Structure of ggproto Objects

  • A ggproto object is created using the ggproto() function. It typically includes:
    • Fields: These can store data or parameters relevant to the object.
    • Methods: These define the functions that can be performed on the object or by the object.

Key Characteristics

  1. Inheritance:
    • ggproto allows one object to inherit properties and methods from another. For example, a specific geom (like geom_point) can inherit from a more general geom class, sharing common functionality while allowing for customization.
  2. Encapsulation:
    • Each ggproto object can have its own internal state (data and methods), making it self-contained. This helps manage complexity by organizing related functions and data together.
  3. Polymorphism:
    • Different ggproto objects can have methods with the same name, allowing them to behave differently based on their class. This means you can call the same function on different ggproto objects, and they will respond according to their specific implementation.

Use in ggplot2

  1. Geoms, Stats, and Coordinates:
    • Each component of a plot in ggplot2 (like geoms, stats, and coordinate systems) is represented as a ggproto object. For instance:
      • geom_point is a ggproto object that defines how to draw points on a plot.
      • stat_smooth is another ggproto object that defines statistical transformations.
  2. Customization:
    • Users can create their own custom geoms or stats by defining a new ggproto object that extends the existing ones, making it easy to customize the behavior of plots without altering the core ggplot2 functionality.
  3. Efficiency:
    • ggproto objects are efficient in terms of performance because they allow for method dispatching without the overhead of traditional R object systems.

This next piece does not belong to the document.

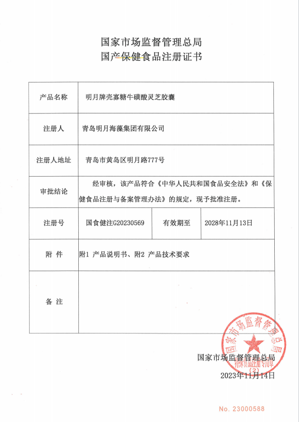 日前,青島明月海藻集團“明月牌?殼寡糖牛黃酸靈芝膠囊”獲批國家市場監督管理總局保健食品批件,注冊號國食健注G20230569。

Thus, understanding ggproto is essential for anyone looking to customize or extend the ggplot2 system effectively.

Imagine ggproto as the quirky, mad scientist of the ggplot2 lab, mixing up wild potions of plots and graphs. Each ggproto object is like a unique recipe card that says, “Add a dash of data here, sprinkle some fancy methods there,” allowing you to whip up custom visualizations that are both deliciously informative and visually appealing.